Here the job is to print all of the entries below verbatim and leave out any picture.

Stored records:
========

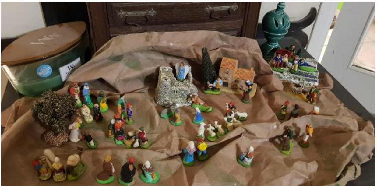
Crèche famille Roux
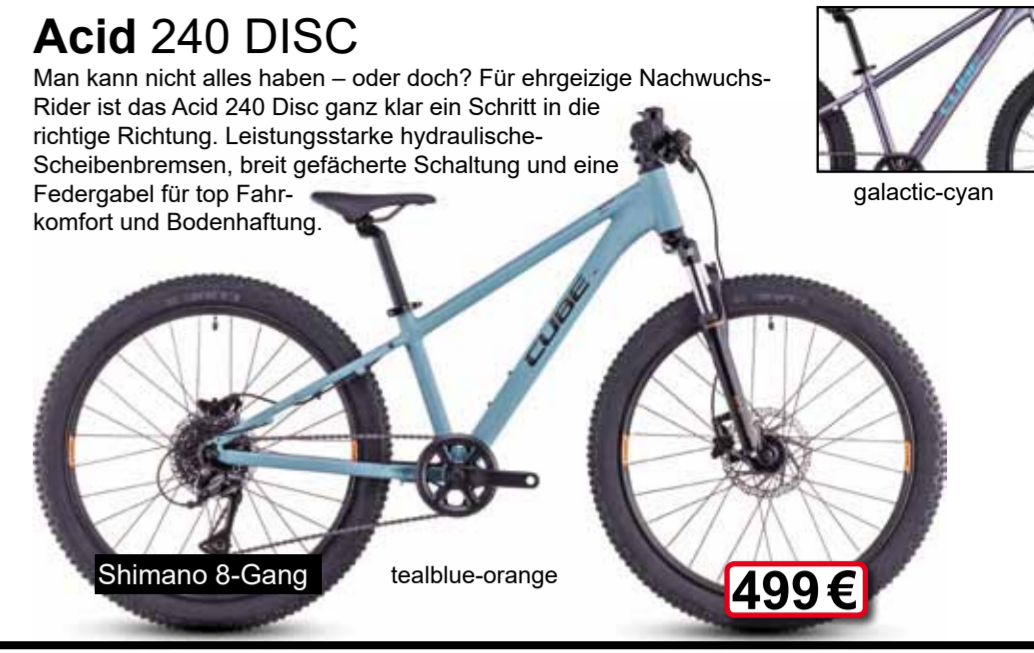
Shimano 8-Gang tealblue-orange 499 €

Man kann nicht alles haben - oder doch? Für ehrgeizige Nachwuchs-Rider ist das Acid 240 Disc ganz klar ein Schritt in die richtige Richtung. Leistungsstarke hydraulische Scheibenbremsen, breit gefächerte Schaltung und eine Federung für top Fahrkomfort und Bodenhaftung.
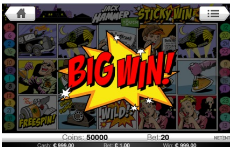
Prezentace vysoké výhry
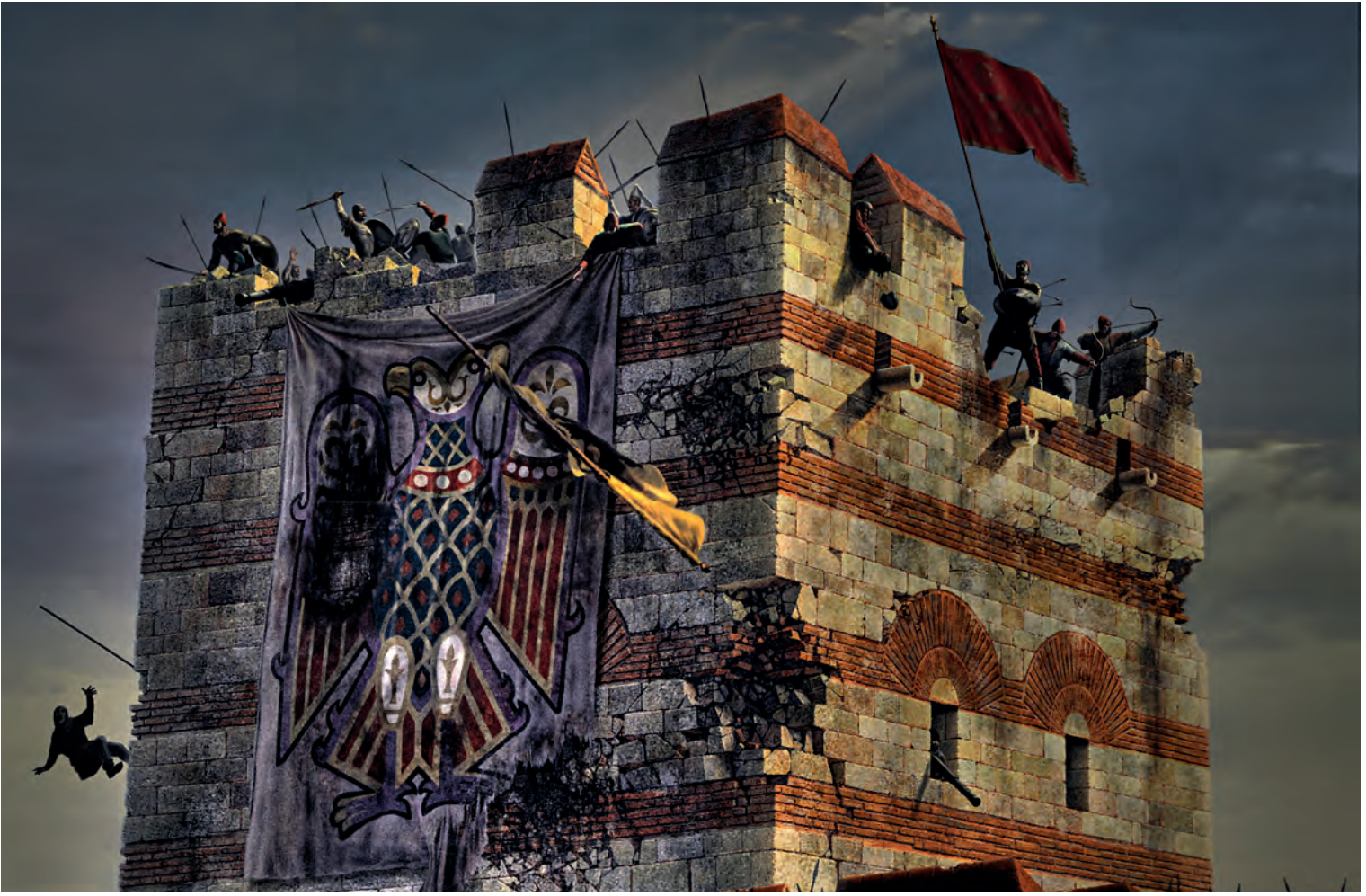
28- Osmanlı askerlerinin surlara hâkim olması (Panorama 1453 Tarih Müzesi)

Şehre ilk olarak nereden girildiği ve surlara ilk çıkanların kimler olduğu konusu da bugün pek çok tartışmayı beraberinde getirmiştir. Kaynakların incelenmesi sonucu bir yerden değil, değişik kesimlerden surların aşıldığı anlaşılır. Fakat yoğun girişin Topkapı gediğinden olduğu katidir. Osmanlı tarihçilerinden Tacizade, Edirnekapı'ya doğru olan gedikte gazilerin galip olup içlerinden 5-10'unun duvar üzerine çıkarak sancak diktiğinden ve onları gören herkesin bir anda içeri girdiğinden açık şekilde söz eder. 124 Bazı yazarlar deniz tarafındaki daha zayıf surlardan yani Haliç kesiminden girildiğini iddia ederler. Ancak bu doğru değildir. Aslında Topkapı tarafından şehre girilince müdafiler surlardan çekilmişler, diğer taraftakiler de surların üzerinde mukavemet görmeyince rahatça duvarları aşmışlardır. Yani ana giriş Topkapı'dır ve burada müdafaada bulunan Giustiniani'nin yaralanıp müdafa hattından çekilmesi direnişi zayıflatmıştır. Ayrıca Bizans tarihçisi
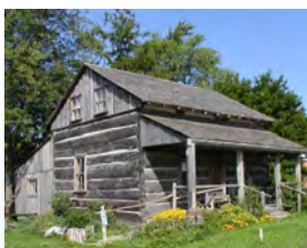
Reconstruction de la propriété familiale Donnelly à Lucan, Ontario (Jennifer Pettit)

========

== Written response ==
Crèche famille Roux
Shimano 8-Gang tealblue-orange 499 €

Man kann nicht alles haben - oder doch? Für ehrgeizige Nachwuchs-Rider ist das Acid 240 Disc ganz klar ein Schritt in die richtige Richtung. Leistungsstarke hydraulische Scheibenbremsen, breit gefächerte Schaltung und eine Federung für top Fahrkomfort und Bodenhaftung.
Prezentace vysoké výhry
28- Osmanlı askerlerinin surlara hâkim olması (Panorama 1453 Tarih Müzesi)

Şehre ilk olarak nereden girildiği ve surlara ilk çıkanların kimler olduğu konusu da bugün pek çok tartışmayı beraberinde getirmiştir. Kaynakların incelenmesi sonucu bir yerden değil, değişik kesimlerden surların aşıldığı anlaşılır. Fakat yoğun girişin Topkapı gediğinden olduğu katidir. Osmanlı tarihçilerinden Tacizade, Edirnekapı'ya doğru olan gedikte gazilerin galip olup içlerinden 5-10'unun duvar üzerine çıkarak sancak diktiğinden ve onları gören herkesin bir anda içeri girdiğinden açık şekilde söz eder. 124 Bazı yazarlar deniz tarafındaki daha zayıf surlardan yani Haliç kesiminden girildiğini iddia ederler. Ancak bu doğru değildir. Aslında Topkapı tarafından şehre girilince müdafiler surlardan çekilmişler, diğer taraftakiler de surların üzerinde mukavemet görmeyince rahatça duvarları aşmışlardır. Yani ana giriş Topkapı'dır ve burada müdafaada bulunan Giustiniani'nin yaralanıp müdafa hattından çekilmesi direnişi zayıflatmıştır. Ayrıca Bizans tarihçisi
Reconstruction de la propriété familiale Donnelly à Lucan, Ontario (Jennifer Pettit)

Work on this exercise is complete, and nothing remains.